Data Management for Reproducible Research
Data Life Cycle
When working with any type of data, it makes sense to sit down before the project starts to think through the different life stages of the data in your project. This will help counteract some of the problems that can arise when projects grow more organically, and will help consistency within the research group, ease of collaboration, and mostly your future self that will understand what past-self has been up to in the project.
More and more funding agencies expect a Data Management Plan at some point of a project application. In there, you need to document that you have thought of, and planned for, the life cycle of your data.
FAIR principles
In the past, research data was often generated with one question in mind. Often, they would afterwards land in some drawer and be forgoten about. Nowadays researchers acknowledge that data can also be re-used, or combined with other data, to answer different questions.
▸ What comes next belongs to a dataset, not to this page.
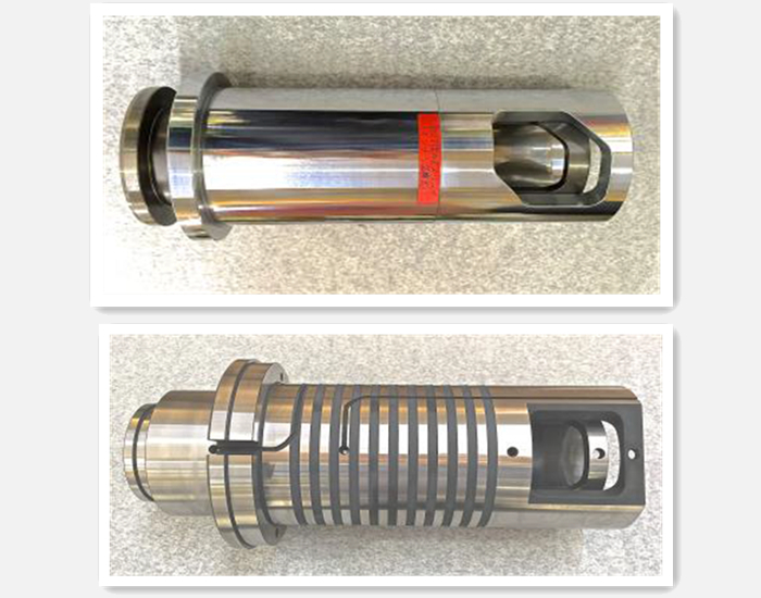 壓室內層(上圖)及裝配好的一體壓室(下圖) 壓室的研究開發部分,在國外,比如在日本,陶瓷壓室已經使用了20、30年。但是,實際上,在國內可能還沒有人去從事這方面的研發和應用工作。為此,我呼吁,類似壓室,以及其他周邊配件和原輔料(如涂料),或者其他各種裝備自動化,等等,都需要我們進一步跟進和研究。

The FAIR principles promote efficient data discovery and reuse by providing guidelines to make digital resources:
FAIR principles, in turn, rely on good data management practices in all phases of research:
- Research documentation
- Data organisation
- Information security
- Ethics and legislation
Reproducible research
Lucky for us, once we implement good data management practices, we will also increase the reproducibility of our analyses. Extensive documentation will increase faith in the outcome of analyses, and will help people (again, future-you) understand what has been done.
Last, but not least, reproducible research practices make project hand-overs smoother, when the next person already understands the structure of the project, and can rely on good documentation.
What data do we work with?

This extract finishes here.